■ **Prompt**
Drop every image, then reproduce the data exactly as given.

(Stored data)
· · · · · · ·

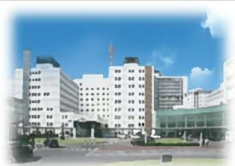
24時間365日対応 2次緊急医療総合病院

現在、岡崎市民病院では、年間9,000台を超える救急搬送が集中し、幸田町及び岡崎市南部では、年間約2,000人が、市町外の病院に救急搬送されています。新病院は質の高い救急医療を提供します。場所は、JR岡崎駅から徒歩約10分。総建設費は200億円。両市町負担金50億円のうち、新年度、幸田町は約7億7,500万円を負担する予算案を計上。
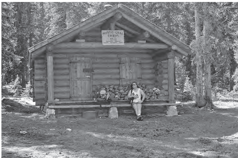
Srub hajného pod Mystic Lake, o 15 let později, opravený
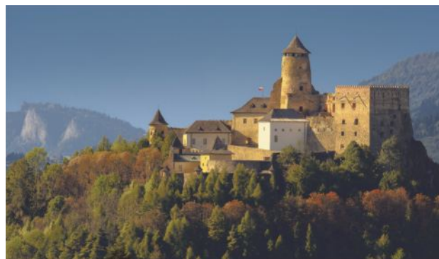
Foto 2. Stredoveký hrad (14. storočie) v Starej Ľubovni (Spiš, Slovensko) s krásnym výhľadom na Pieniny a pohorie Vysokých Tatier tiahnuce sa pozdĺž slovensko-poľskej hranice.

kreativity a duchovnosti ľudí žijúcich v horách bola všade rozhodujúca príroda a život v horách ako taký, so všetkými jeho aspektmi. Objavil som tiež veľa spoločných a vzájomne súvisiacich tém, či už z oblasti histórie, etnografie, ekonomiky, poľnohospodárstva, a pod..
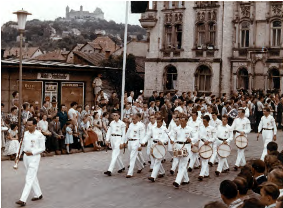
Der Spielmannszug 1956 beim Jubiläum 900 Jahre Coburg

Anfängliche Verwerfungen sind heute vergessen, und der Erfolg beider Vereine, des TSV Beiersdorf und des Musikvereins Beiersdorf, belegt eindrucksvoll die Berechtigung der entstandenen Konstellation.

· · · · · · ·

■ **Task result**
24時間365日対応 2次緊急医療総合病院

現在、岡崎市民病院では、年間9,000台を超える救急搬送が集中し、幸田町及び岡崎市南部では、年間約2,000人が、市町外の病院に救急搬送されています。新病院は質の高い救急医療を提供します。場所は、JR岡崎駅から徒歩約10分。総建設費は200億円。両市町負担金50億円のうち、新年度、幸田町は約7億7,500万円を負担する予算案を計上。
Srub hajného pod Mystic Lake, o 15 let později, opravený
Foto 2. Stredoveký hrad (14. storočie) v Starej Ľubovni (Spiš, Slovensko) s krásnym výhľadom na Pieniny a pohorie Vysokých Tatier tiahnuce sa pozdĺž slovensko-poľskej hranice.

kreativity a duchovnosti ľudí žijúcich v horách bola všade rozhodujúca príroda a život v horách ako taký, so všetkými jeho aspektmi. Objavil som tiež veľa spoločných a vzájomne súvisiacich tém, či už z oblasti histórie, etnografie, ekonomiky, poľnohospodárstva, a pod..
Der Spielmannszug 1956 beim Jubiläum 900 Jahre Coburg

Anfängliche Verwerfungen sind heute vergessen, und der Erfolg beider Vereine, des TSV Beiersdorf und des Musikvereins Beiersdorf, belegt eindrucksvoll die Berechtigung der entstandenen Konstellation.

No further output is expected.